Dumbbells sprouting beefy arms from CC BY 4.0 fromGoogle.
Other visualization techniques applied in neural network computer vision include the feature visualization toolbox by Jason Yosinski et al.(demo video), which you can try out yourself if you are prepared to set up a Python environment with Caffe. The authors demonstrate several observations that mainly fall under the category of “interesting” such as neurons that respond to faces, text, and wrinkled fabric. Connecting the dots from “interesting” realizations to actionable insights is where interpretability begins to return on the investment of time and tools. Indeed, it has become a sub-field of machine learning in its own right, feeding the demand for researchers and engineers with skills in interpretable machine learning. It’s a worthwhile addition to your personal or organizational toolbox.
From Visualization to Actionable Utility
Perhaps the most cohesive line of research into deep learning interpretability comes from the confluence of Chris Olah, Google Brain, and OpenAI. Stretching back several years and published mostly on Distill, this work built on the concept of deep dream and feature visualization to develop optimization-based visualizations, further developed to understand attribution with spatial activations, and with the recent publication of activation atlases the authors demonstrated insights into vulnerabilities to adversarial examples and strange feature correlations.
Activation atlases are the latest in a line of research progressing from the simple: feature visualizations of single neuron activations, to the complex: activation atlases that subsample from a manifold representing all probable images the network might encounter.
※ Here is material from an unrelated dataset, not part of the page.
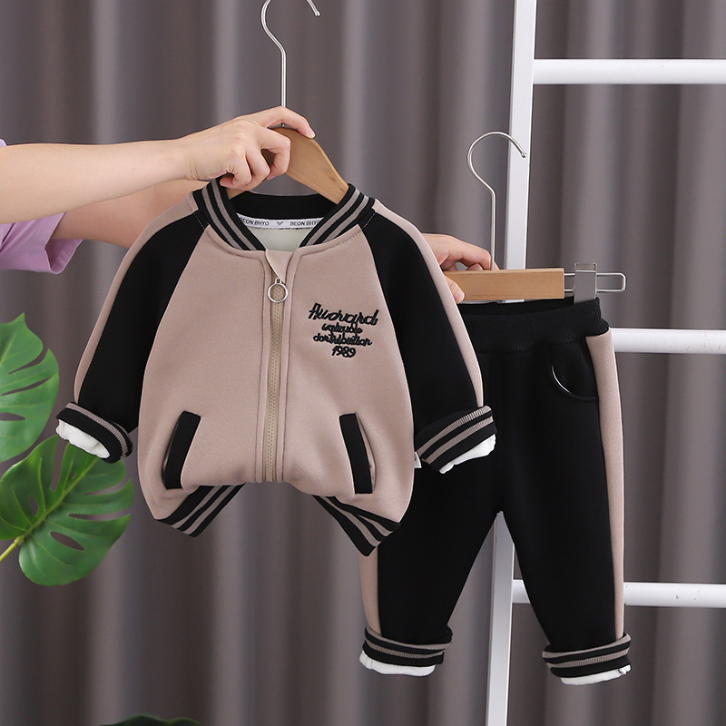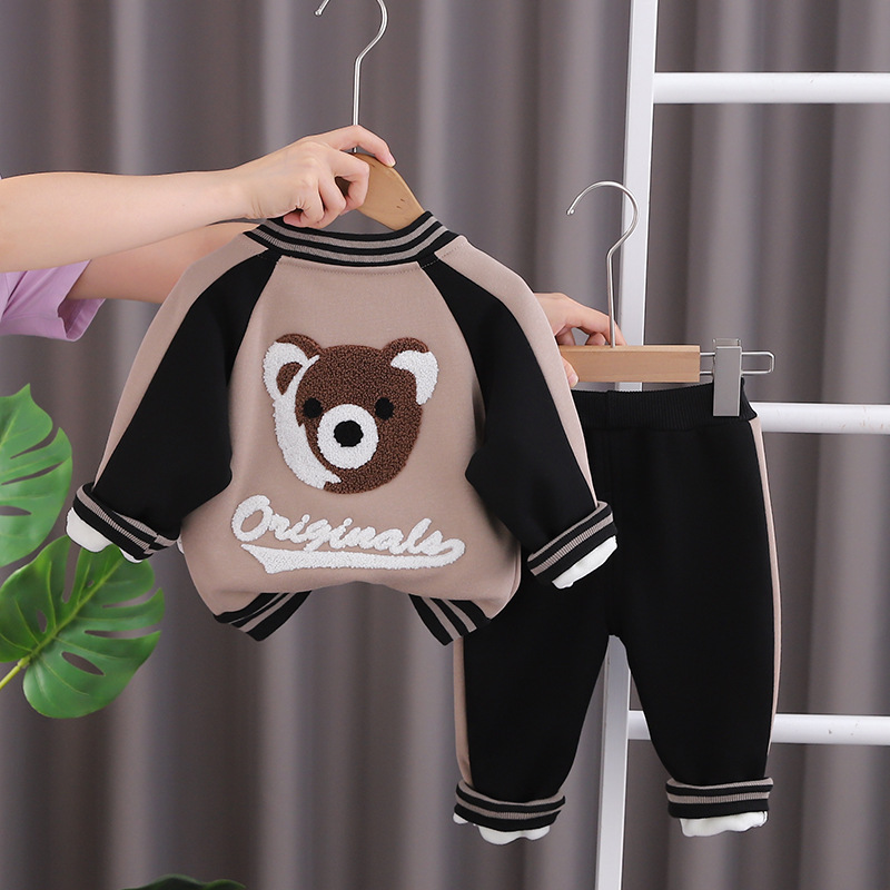 소년 세트 겨울 아기의 만화 기모 스웨트 셔츠 가을과 겨울 어린이 캐주얼 어린이 두꺼운 투피스 세트스토어 가기

Image modified under a CC BY 4.0 license from Shan Carter, Chris Olah, et al. 2019
Activation atlases partially resemble the related spatial activations with one crucial difference. While spatial activations represent a model’s feature extractions for a single image, activation atlases form a map of feature extractions for all probable images. Instead of arranging a feature visualization for floppy ears, adorable noise, and fluffy paws over an image of a puppy, for example, an activation atlas will arrange a wide variety of animal noses next to each other, and these will eventually blend into other related features such as fur, ears, and tails.
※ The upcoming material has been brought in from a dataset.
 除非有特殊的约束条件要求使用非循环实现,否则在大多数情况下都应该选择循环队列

This holistic view of feature visualization for a neural network allows to investigate and predict model behavior in interesting ways. By observing the proximity of features distinguishing “scuba diver” from “snorkeling” to the features that looked like they belong to a locomotive engine, the authors guessed that they could incorporate a patch from an image of a train to trick the network into identifying a snorkeler as a scuba diver. Other adversarial examples the team investigated included disguising a frying pan as a wok by adding noodles and a grey whale as a shark by adding a baseball.
Interpretable Value Moving Forward
To summarize, the field of interpretability has grown a lot since deep dream, and its beginning to offer actionable insights. The types of adversarial examples generated with activation atlases relied on an artful combination of whole-network feature visualization and human intuition. As deep learning networks continue to deploy to new areas and find greater adoption in existing fields, they’ll be expected to be held more accountable and be more predictably reliable. In this landscape, the demand for and value generated by interpretability tools and practitioners can only be expected to increase.